### WORK TO BE COMPLETED
Using the records below, repeat exactly the lines from the one holding "Ствол скрипнул, повернулся" through the one holding "首先,徐阔老师上台对社会实践", both ends included, and no others.

### DATASET RECORDS
BEGIN
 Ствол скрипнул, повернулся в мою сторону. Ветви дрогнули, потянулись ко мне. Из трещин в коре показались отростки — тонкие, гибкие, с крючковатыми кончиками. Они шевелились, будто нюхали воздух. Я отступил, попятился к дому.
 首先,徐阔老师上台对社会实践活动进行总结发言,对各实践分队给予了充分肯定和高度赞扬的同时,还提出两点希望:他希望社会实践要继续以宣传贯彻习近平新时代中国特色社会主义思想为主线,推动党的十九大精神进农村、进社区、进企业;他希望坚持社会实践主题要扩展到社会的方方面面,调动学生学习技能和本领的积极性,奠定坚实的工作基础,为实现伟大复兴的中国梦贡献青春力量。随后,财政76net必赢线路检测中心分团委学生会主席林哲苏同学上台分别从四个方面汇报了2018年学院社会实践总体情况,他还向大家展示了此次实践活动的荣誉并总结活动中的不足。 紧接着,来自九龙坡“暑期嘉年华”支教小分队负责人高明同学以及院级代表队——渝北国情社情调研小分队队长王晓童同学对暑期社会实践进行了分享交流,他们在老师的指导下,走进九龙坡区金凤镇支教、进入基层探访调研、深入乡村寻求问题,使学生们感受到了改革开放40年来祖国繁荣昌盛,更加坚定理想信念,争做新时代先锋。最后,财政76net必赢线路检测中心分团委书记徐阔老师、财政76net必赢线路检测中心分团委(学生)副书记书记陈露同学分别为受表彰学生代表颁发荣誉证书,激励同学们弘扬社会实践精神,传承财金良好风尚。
END
BEGIN
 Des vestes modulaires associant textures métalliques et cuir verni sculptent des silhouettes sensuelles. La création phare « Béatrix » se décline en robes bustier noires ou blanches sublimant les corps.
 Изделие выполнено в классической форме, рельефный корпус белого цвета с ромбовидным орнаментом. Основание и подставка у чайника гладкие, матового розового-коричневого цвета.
END
### RESPONSE AREA
 Ствол скрипнул, повернулся в мою сторону. Ветви дрогнули, потянулись ко мне. Из трещин в коре показались отростки — тонкие, гибкие, с крючковатыми кончиками. Они шевелились, будто нюхали воздух. Я отступил, попятился к дому.
 首先,徐阔老师上台对社会实践活动进行总结发言,对各实践分队给予了充分肯定和高度赞扬的同时,还提出两点希望:他希望社会实践要继续以宣传贯彻习近平新时代中国特色社会主义思想为主线,推动党的十九大精神进农村、进社区、进企业;他希望坚持社会实践主题要扩展到社会的方方面面,调动学生学习技能和本领的积极性,奠定坚实的工作基础,为实现伟大复兴的中国梦贡献青春力量。随后,财政76net必赢线路检测中心分团委学生会主席林哲苏同学上台分别从四个方面汇报了2018年学院社会实践总体情况,他还向大家展示了此次实践活动的荣誉并总结活动中的不足。 紧接着,来自九龙坡“暑期嘉年华”支教小分队负责人高明同学以及院级代表队——渝北国情社情调研小分队队长王晓童同学对暑期社会实践进行了分享交流,他们在老师的指导下,走进九龙坡区金凤镇支教、进入基层探访调研、深入乡村寻求问题,使学生们感受到了改革开放40年来祖国繁荣昌盛,更加坚定理想信念,争做新时代先锋。最后,财政76net必赢线路检测中心分团委书记徐阔老师、财政76net必赢线路检测中心分团委(学生)副书记书记陈露同学分别为受表彰学生代表颁发荣誉证书,激励同学们弘扬社会实践精神,传承财金良好风尚。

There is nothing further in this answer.